Personal life
- Born: 1802 CE (1217 AH) Cairo, Egypt Eyalet
- Died: 1882 CE (1299 AH) Cairo, Khedivate of Egypt
- Era: Ottoman Caliphate
- Region: Egypt
- Main interest: Fiqh

Religious life
- Religion: Islam
- Jurisprudence: Maliki
- Creed: Sunni
- Known for: Muslim jurist

= Muhammad Ulaysh =

Egyptian Muslim jurist

Muhammad ‘UIaysh (1802 - 1882 CE) (1217 - 1299 AH) (مُحَمَّدٌ عُلَيْش), more commonly referred to in Muslim works simply as ‘UIaysh or Sheikh ‘UIaysh, was a 19th-century CE Egyptian Muslim jurist of Tripolitanian origin. 'Illish was an important late scholar of the Maliki school of Islamic jurisprudence (fiqh).
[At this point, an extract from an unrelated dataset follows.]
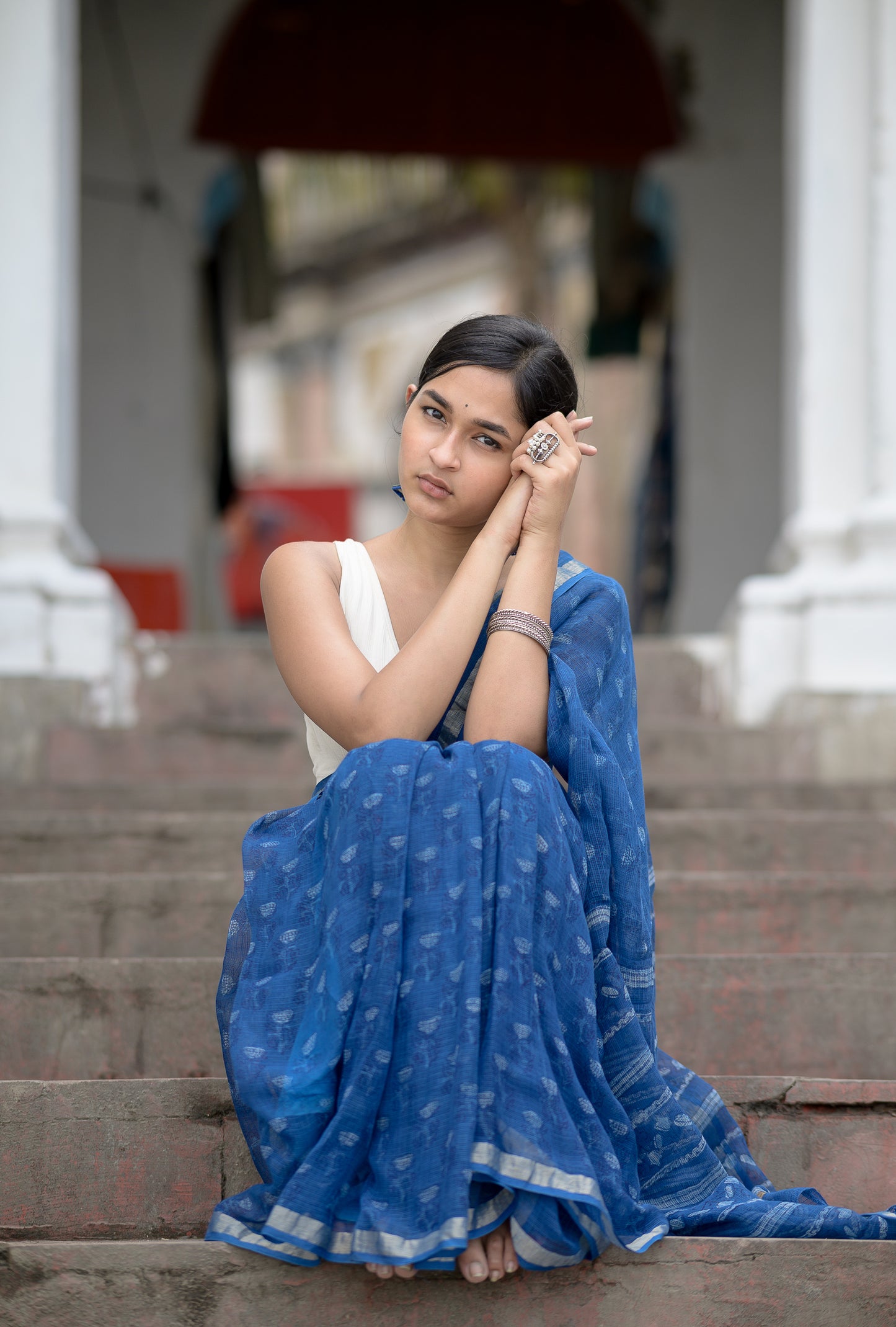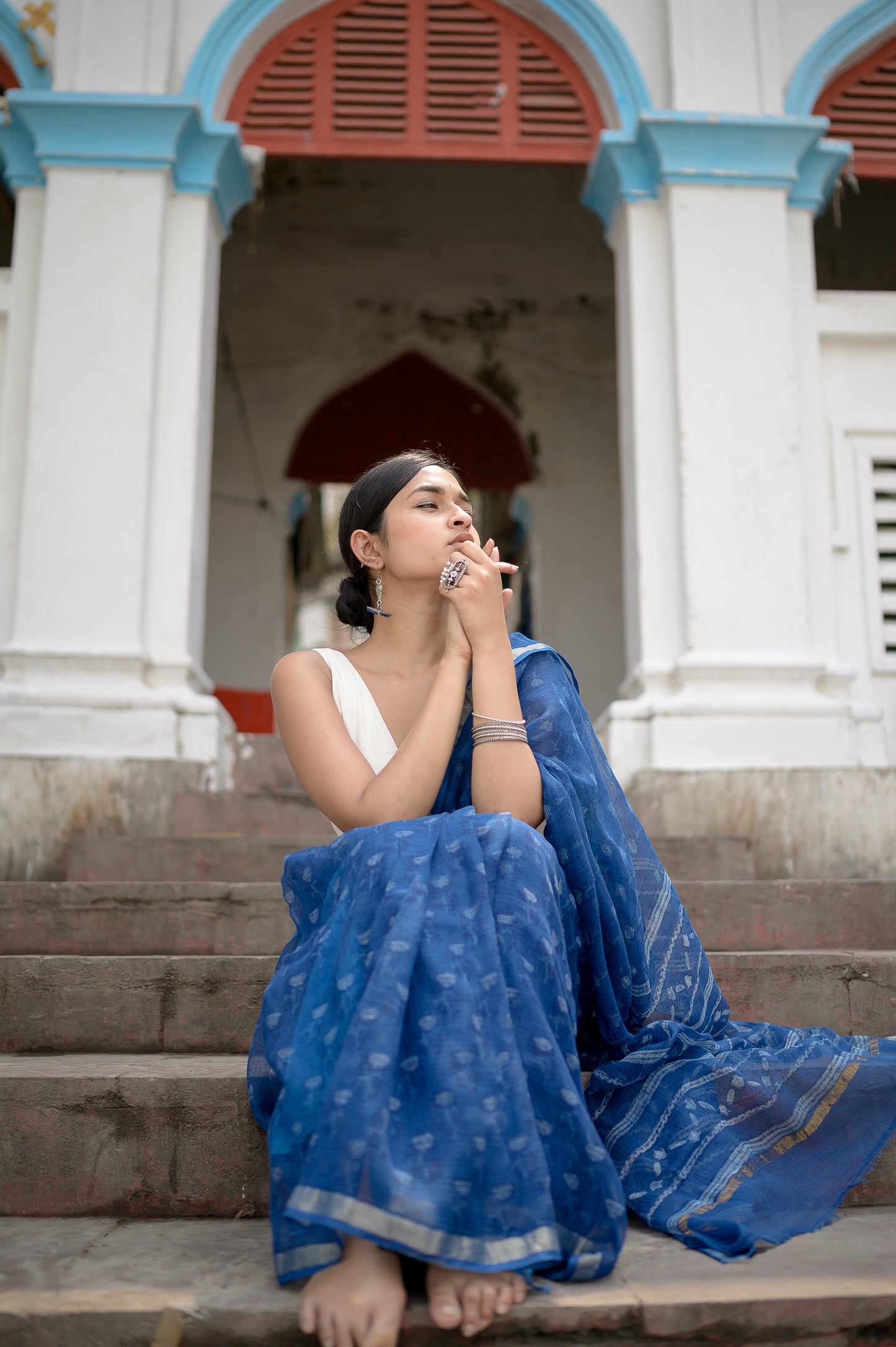 Our Kota range is truly one of a kind. Like the summer breeze on an ethereal lake, it is woven by the karigars of Kaithoon and interlaced with Dabu block printing on the borders and body to craft this chic new drape story.

He is perhaps the last of a line of widely read and respected sources of traditional fatwas of the late Maliki school from an Azharite scholar. ‘UIaysh was an extremely popular teacher at Al-Azhar. His lectures were regularly attended by audiences of over 200 students. In July 1854, ‘UIaysh was appointed the Maliki Mufti of Al-Azhar. By the time of his death in 1882, ‘UIaysh was one of the premier leaders of Egyptian scholarly society. His Minah al-Jalil as well as his Fatawa are widely used today among traditional Malikis for fatwa positions of the school.